§ **EXERCISE DIRECTIONS**
Copy out the data exactly, leaving the pictures behind.

§ **DATASET CONTENT**
== Segment start ==

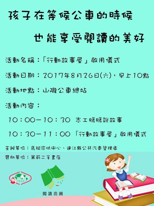 讓孩子在等候公車時,也能享受閱讀的美好 --閱讀人次 : 878 馬祖家扶與連江縣公共汽車管理處合作-行動故事屋
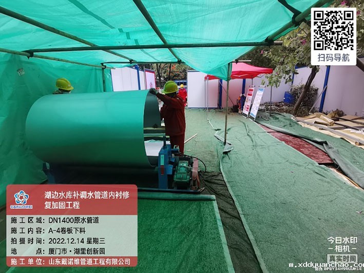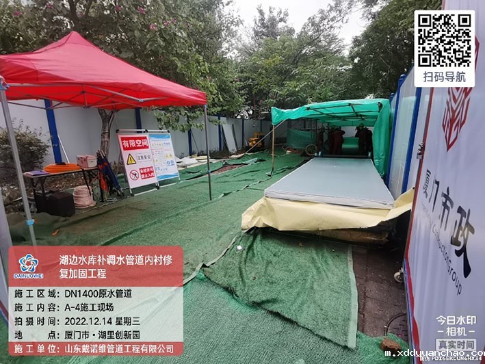 4.项目概况:湖边水库DN1400补调水管道全长8709.5m,起点为高殿水厂。湖边水库补调水管道设计输水能力20万m³/d,是保障厦门市岛内原水应急供应的重要管道。湖边水库补调水管道补调水管道自2010年1月投入运行,部分路段管道多次发生漏水或破管事件,因此本次对爆管频繁发生段管道予以修复。该现状管管径为DN1400,采用预应力II 级钢筋混凝土管(以下简称混凝土管)、钢管和球墨铸铁管埋地铺设,其中原管材为钢管或球墨铸铁的管段本次不予以修复。由于混凝土管段多次发生管道破裂、脱节及沉降事件,因此本次对混凝土管段予以修复,全长3568.55m。采用非开挖方式内衬不锈钢更新修复。
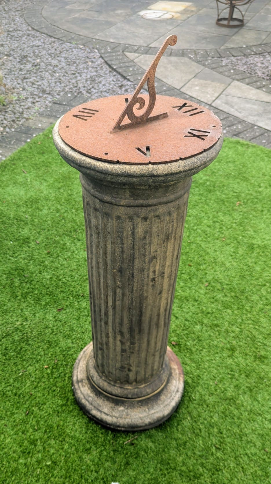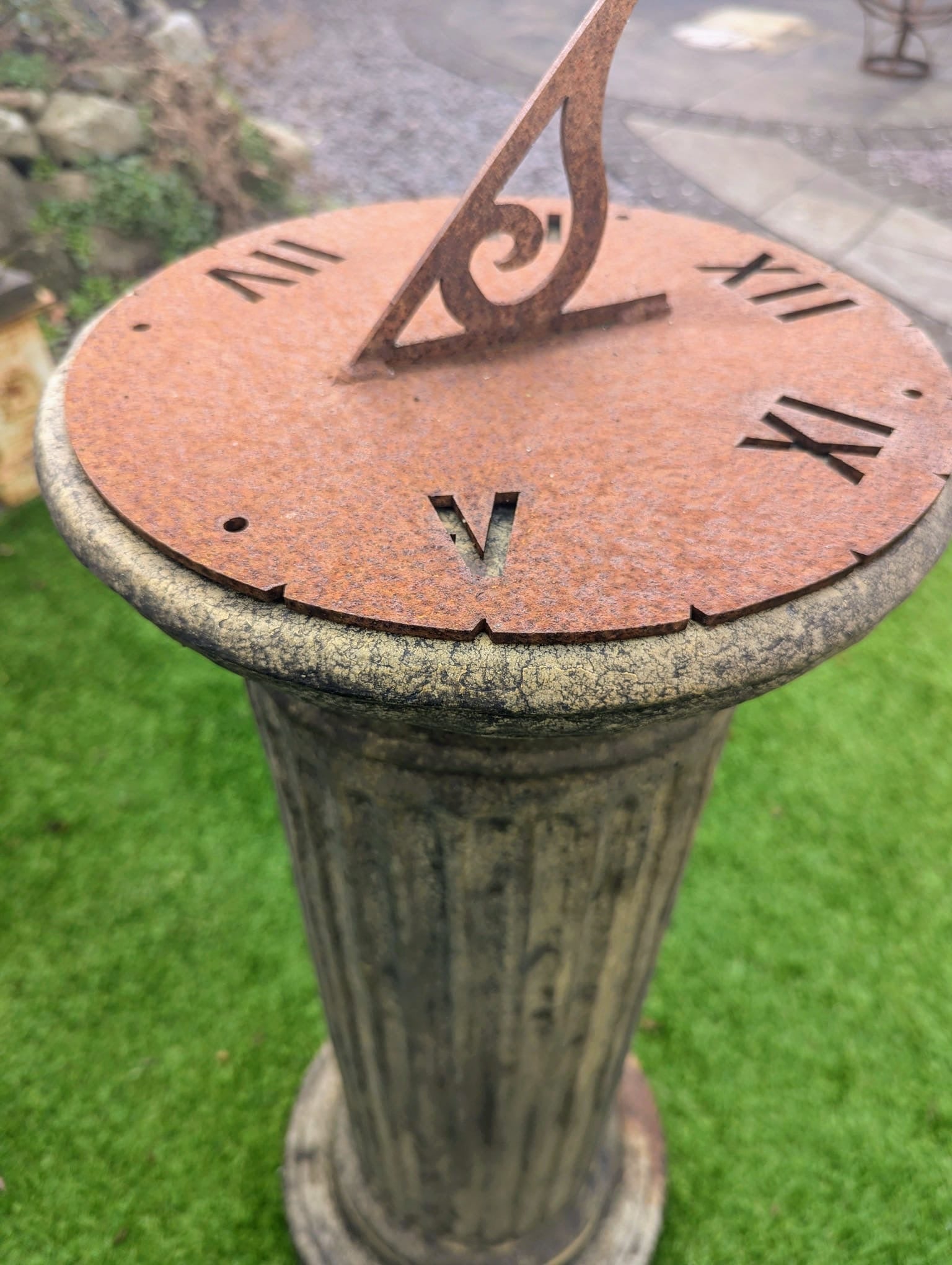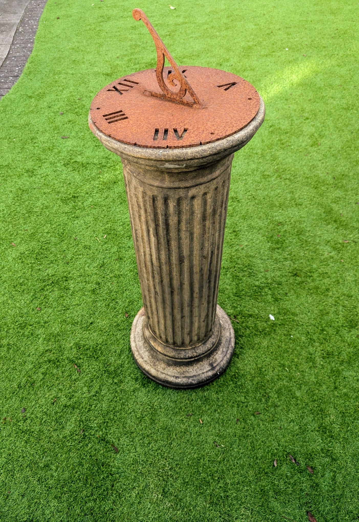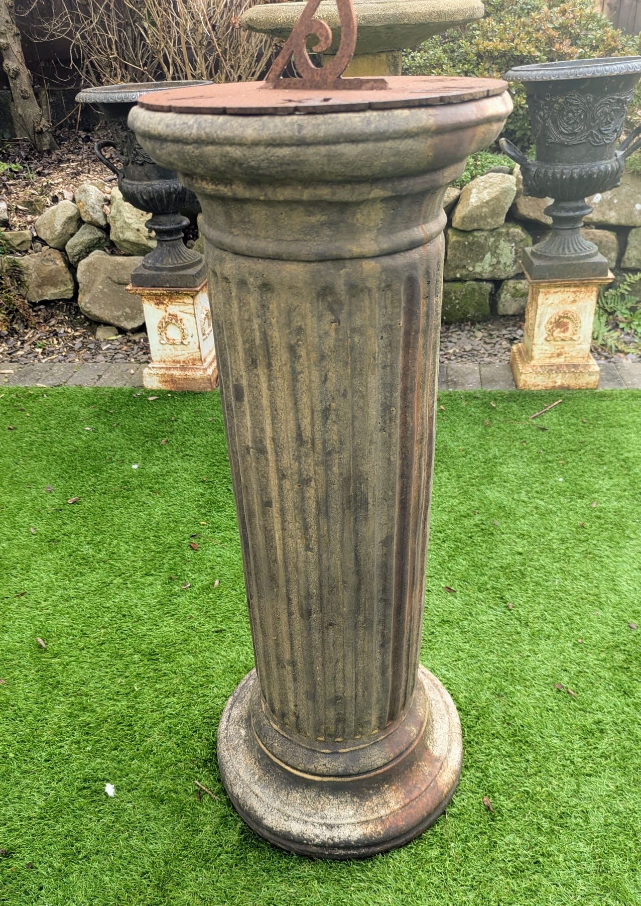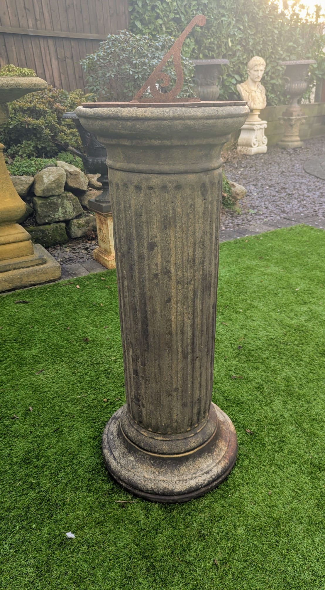 Vintage style English Stone reeded Sundial garden column - Delivery available

== Segment end ==

§ **FINISHED TASK**
 讓孩子在等候公車時,也能享受閱讀的美好 --閱讀人次 : 878 馬祖家扶與連江縣公共汽車管理處合作-行動故事屋
 4.项目概况:湖边水库DN1400补调水管道全长8709.5m,起点为高殿水厂。湖边水库补调水管道设计输水能力20万m³/d,是保障厦门市岛内原水应急供应的重要管道。湖边水库补调水管道补调水管道自2010年1月投入运行,部分路段管道多次发生漏水或破管事件,因此本次对爆管频繁发生段管道予以修复。该现状管管径为DN1400,采用预应力II 级钢筋混凝土管(以下简称混凝土管)、钢管和球墨铸铁管埋地铺设,其中原管材为钢管或球墨铸铁的管段本次不予以修复。由于混凝土管段多次发生管道破裂、脱节及沉降事件,因此本次对混凝土管段予以修复,全长3568.55m。采用非开挖方式内衬不锈钢更新修复。
 Vintage style English Stone reeded Sundial garden column - Delivery available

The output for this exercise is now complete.